Inhibition of MIC current by internal polyvalent cations and NH₄ ⁺. RBL cells with standard internal solution and 2 Ca²⁺ external solution. All current amplitudes were measured at +85 mV during voltage ramp stimuli. (A) Time course of I_MIC development during whole-cell recording and dialysis with 10 mM EDTA. Outward MIC current amplitude is plotted against time after break-in.
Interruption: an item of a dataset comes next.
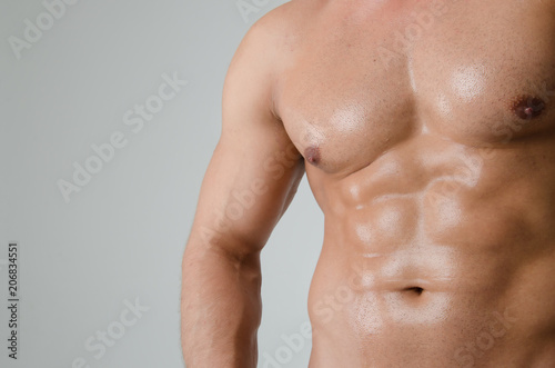 © vladorlov, Fototapeta premium Sexy athletic man. Gray background.

The inset shows I-V relations obtained at break-in and after 10 min of recording. (B) The time course of inhibition of preactivated MIC current by La³⁺ (top). The pipette solution contained 1 mM EDTA + 3 mM La³⁺. The inset shows the I-V relation at break-in and after complete inhibition. The bottom panel shows the time course of inhibition of preactivated MIC current by spermine. The pipette solution contained 10 mM EDTA + 5 mM spermine. The inset shows I-V relations obtained at break-in and after complete inhibition. (C) Maximal current densities with control (1 mM, n = 5 cells) or 10 mM EDTA (n = 3) solutions and with solutions containing inhibitory cations. The cation concentrations in mM were: 5 Ca²⁺ (n = 5); 3 La³⁺ (n = 8); 8 putrescine (n = 4); 5 spermidine (n = 5); 4 spermine (n = 5); 6 neomycin (n = 5); 4 polylysine (n = 6); 112 NH₄ ⁺ (n = 5). *, P < 0.005 compared with controls in 1 or 10 mM EDTA. **, P = 0.16.
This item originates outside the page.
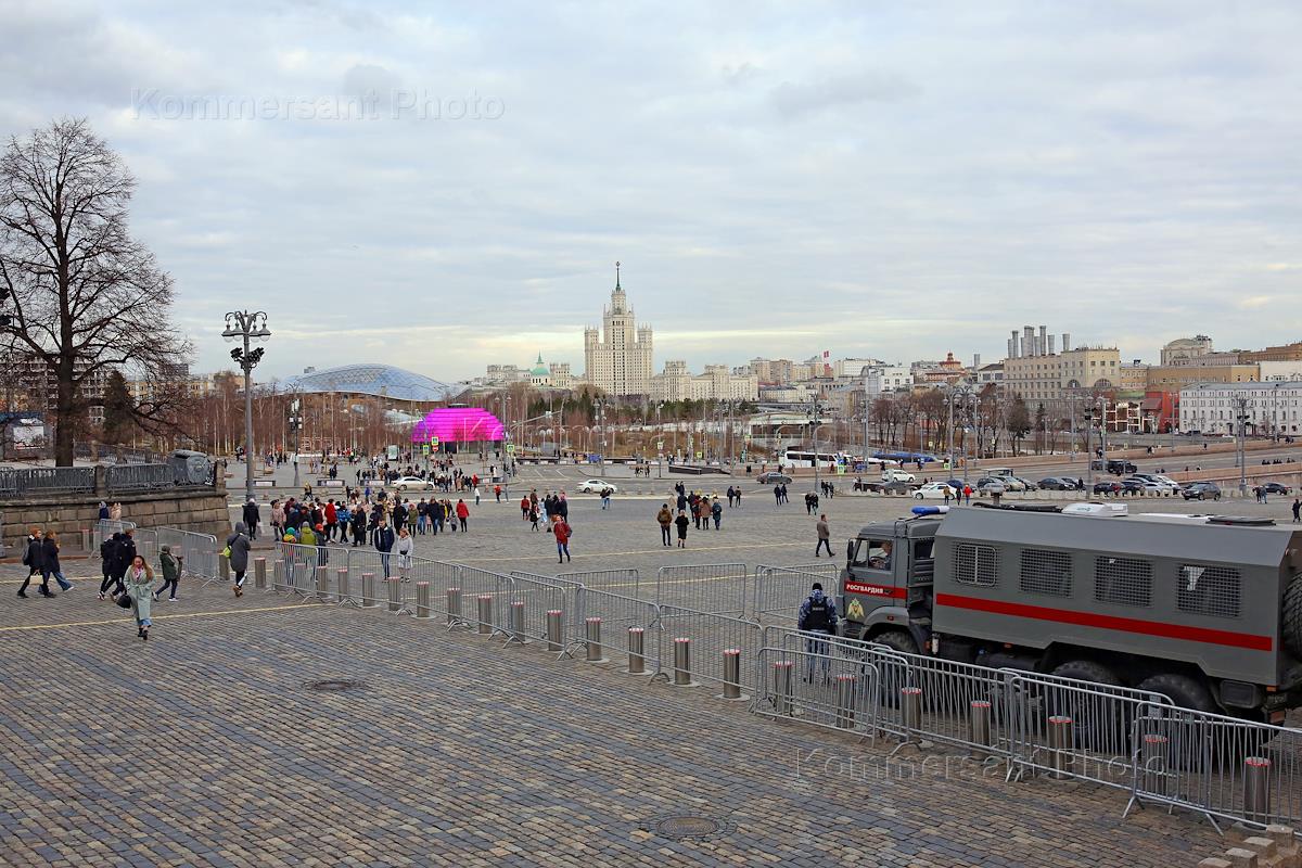 Виды Москвы. Жанровая фотография. Бетонные ограждения с цепями на Красной площади.

Effect of external NH₄ ⁺ on MIC current in the absence of internal Mg²⁺: recovery from rundown. RBL cells in 2 Ca²⁺ external solution with 12 mM EGTA internal solution. (A) MIC current was allowed to develop, and I-V plots obtained at break-in and after the current was fully developed (shown in red color). NH₄ ⁺ at varying concentrations (20 mM, 81 mM, and 162 mM) was applied subsequently and I-V plots are shown. Note the inward current activated in external NH₄ ⁺-containing solution. (B) Rapid application of 81 mM NH₄ ⁺ causes reversible slow potentiation of the MIC current. (C) MIC current development and rundown. 12 mM EGTA, 100 μM MgCl₂ internal solution, [Mg²⁺]_free = 54 μM. 81 mM NH₄ ⁺ applied after rundown resulted in recovery of I_MIC. (D) Dependence of MIC current rundown on Mg²⁺ and neomycin. Current amplitude (+85 mV) was obtained 30 min (I_{30 min}) after break-in, divided by maximal amplitude (I_max) in the same cell, and the ratio plotted for 12 mM EGTA (free Mg²⁺ = 54 μM; n = 10 cells), 12 mM EGTA + 0.2 mM EDTA (free Mg²⁺ = 2 μM, n = 5), 8 mM EGTA + 4 mM EDTA (free Mg²⁺ = 52 nM, n = 7) and 10 mM EDTA+ 500 μM neomycin (n = 3) internal solutions. *, P < 0.005 compared with the value for 2 μM free Mg²⁺.